Stored dataset items:
---------------

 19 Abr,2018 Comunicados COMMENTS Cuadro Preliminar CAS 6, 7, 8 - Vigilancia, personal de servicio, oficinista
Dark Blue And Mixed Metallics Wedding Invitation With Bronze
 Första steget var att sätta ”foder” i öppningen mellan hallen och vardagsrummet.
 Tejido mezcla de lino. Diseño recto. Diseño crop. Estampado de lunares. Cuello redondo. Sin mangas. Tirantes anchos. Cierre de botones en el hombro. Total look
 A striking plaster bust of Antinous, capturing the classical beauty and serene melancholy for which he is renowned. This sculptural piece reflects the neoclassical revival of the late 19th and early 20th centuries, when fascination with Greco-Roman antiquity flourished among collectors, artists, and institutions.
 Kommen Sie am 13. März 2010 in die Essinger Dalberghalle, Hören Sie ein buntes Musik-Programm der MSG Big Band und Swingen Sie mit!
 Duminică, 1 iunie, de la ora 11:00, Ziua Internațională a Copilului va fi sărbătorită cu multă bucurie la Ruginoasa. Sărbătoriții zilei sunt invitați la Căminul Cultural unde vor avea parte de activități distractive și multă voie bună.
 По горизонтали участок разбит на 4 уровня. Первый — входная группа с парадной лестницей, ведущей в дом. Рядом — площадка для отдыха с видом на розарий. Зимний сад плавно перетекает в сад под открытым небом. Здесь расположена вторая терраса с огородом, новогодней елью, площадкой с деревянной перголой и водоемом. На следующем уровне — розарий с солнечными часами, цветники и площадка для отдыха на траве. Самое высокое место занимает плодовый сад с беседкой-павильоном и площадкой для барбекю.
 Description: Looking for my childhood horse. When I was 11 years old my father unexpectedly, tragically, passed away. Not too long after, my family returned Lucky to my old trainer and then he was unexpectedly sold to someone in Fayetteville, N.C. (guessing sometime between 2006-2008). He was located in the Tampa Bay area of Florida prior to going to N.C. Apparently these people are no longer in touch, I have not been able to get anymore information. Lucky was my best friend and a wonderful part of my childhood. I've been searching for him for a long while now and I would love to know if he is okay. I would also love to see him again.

---------------

__Exercise instructions__:
Your response should hold only an exact copy of the lines above, from the one containing "По горизонтали участок" through the end of the entries.

__Task answer__:
 По горизонтали участок разбит на 4 уровня. Первый — входная группа с парадной лестницей, ведущей в дом. Рядом — площадка для отдыха с видом на розарий. Зимний сад плавно перетекает в сад под открытым небом. Здесь расположена вторая терраса с огородом, новогодней елью, площадкой с деревянной перголой и водоемом. На следующем уровне — розарий с солнечными часами, цветники и площадка для отдыха на траве. Самое высокое место занимает плодовый сад с беседкой-павильоном и площадкой для барбекю.
 Description: Looking for my childhood horse. When I was 11 years old my father unexpectedly, tragically, passed away. Not too long after, my family returned Lucky to my old trainer and then he was unexpectedly sold to someone in Fayetteville, N.C. (guessing sometime between 2006-2008). He was located in the Tampa Bay area of Florida prior to going to N.C. Apparently these people are no longer in touch, I have not been able to get anymore information. Lucky was my best friend and a wonderful part of my childhood. I've been searching for him for a long while now and I would love to know if he is okay. I would also love to see him again.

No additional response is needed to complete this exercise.